Big bond investors who have bet on high-yield oil producers are sticking to losing bets, waiting for a turnaround in the price of crude, even though their performance has suffered and fund assets have shrunk as oil has plunged.
"Junk" rated U.S. exploration and production credits are on track to post their worst two-month performance since Barclays (BCS) records began in early 1993.
Energy credits became a bigger slice of the U.S. high-yield market in recent years, comprising 15 percent of it at present compared with 10 percent in December 2010, according to data from research firm CreditSights. The prospect of more defaults among high-yield energy firms has intensified in recent months.
These investors said they were maintaining most of their exposure to bonds of oil and gas producers even as oil prices have slumped below $28 a barrel and major banks have said the commodity could slide to $20 or lower.
But analysts say the clock is ticking for funds that have maintained bets on energy bonds. More investors may lose patience in the contrarian bet and pull their money, forcing managers to sell energy credits to raise cash, said Jeff Tjornehoj, head of Americas research at Lipper.
"Given enough time, it could work out, but that's the issue at hand: Will investors give them enough time to see this through?" he said.

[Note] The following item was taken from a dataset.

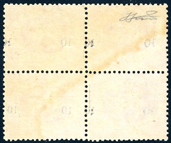 Lotto 1914 - 1892 - 10 cent. su 20 cent. (11), blocco di quattro, un ...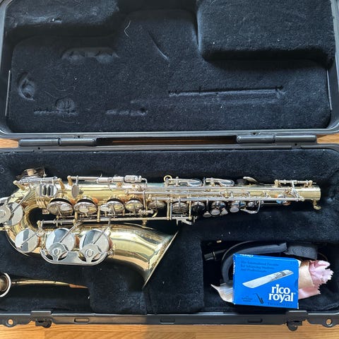 Instrumentet leveres i original hardcase med innvendig fôr. I kofferten følger det med munnstykke, hals og noen enkle vedlikeholdstilbehør som pusseskinn/klut. Saksofonen har lakkert messingkropp med klaffemekanikk i metall og perlemorlignende klaffeknapper.

Investors have withdrawn gobs of cash from these funds in recent months. After lagging at least 94 percent of peers last year, the funds are behind at least 76 percent of peers this month through Tuesday, according to Morningstar (MORN) data.
Fund managers maintain that low oil prices will lead companies to cut production, eventually driving prices back toward the $60-a-barrel level in coming years.
Michael Buchanan, head of global credit at Western Asset Management Co, said he pared energy investments in his Western Asset Short Duration High Income Fund in the fourth quarter of last year but still had 11.2 percent of the fund's assets in high-yield energy companies, with 5 percent in high-yield E&P bonds, down from 12.7 percent and 7 percent in September.
Buchanan said he sold bonds of Comstock Resources Inc , but still held credits of companies such as Sanchez Energy Corp and QEP Resources Inc.
"We have not capitulated in this down trade," Buchanan said. He said it was "just a matter of time" before oil producers would begin to significantly cut back production. He said he would rethink his energy exposure if he saw more compelling yield opportunities in sectors other than energy.
Investors pulled $348 million from Buchanan's fund last year, cutting its assets to $700 million from a peak of $1.5 billion in June 2014, Lipper data shows. The fund has lost 4 percent this year.
Lots of Defaults
Global oversupply of crude has raised fears that producers will struggle to finance operations and service their debt, boosting defaults.
The percentage of high-yield debt in default issued by U.S. oil and gas producers hit 11.3 percent last month, a record since Fitch Ratings began tracking the data in 2000. But investors said they did not expect the companies they own to slip into bankruptcy since they either had access to credit, ample cash, or have hedged future production.
"Bottoms take a while to be put in place, but I think these are all the classic signs of a bottoming in the market, when everyone jumps on that same side of the ship that oil can only go down," said Kathleen Gaffney, who runs the Eaton Vance Bond Fund.
Gaffney increased her exposure to energy bonds overall in the fourth quarter from 11.2 percent to 16 percent, with the fund's bets on high-yield energy bonds increasing from 3.3 percent to 5.8 percent.
The BofA Merrill Lynch U.S. High Yield Energy Index posted its second-worst week ever last week, delivering a loss of 8.7 percent, exceeded only by an 11.1 percent loss in October 2008. The average yield on an energy junk bond hit a record high of 18.44 percent on Tuesday.
Gaffney said oil prices likely would not remain below $30 a barrel for long, and could hit $60 by the second half of this year. She reiterated a call she made in October to Reuters that a number of her fund's holdings could gain by 30 percent or more over the next two years.
Investors pulled $856 million from Gaffney's fund last year, slashing the fund's assets by over 40 percent to $780 million from a peak of about $2 billion last February, according to Lipper data. The fund has lost 6.5 percent this year.
Patrick Maldari, senior fixed income investment specialist at Aberdeen Asset Management, said the Aberdeen Global High Income Fund cut its exposure to energy overall to 7.3 percent and to high-yield E&P debt to 2.6 percent, from 10 percent and 5 percent, respectively, in October. He said, however, that the cash raised from the sales may eventually be used to invest in more high-yield energy credits.
Investors withdrew about 46 percent of the Aberdeen fund's assets last year, reducing its size to $989 million, according to Lipper data. The fund has lost 3 percent this year.
Lipper's Tjornehoj said that managers may eventually be right, and energy spreads will narrow. "But by that time they may have very little money in the portfolio to crow about."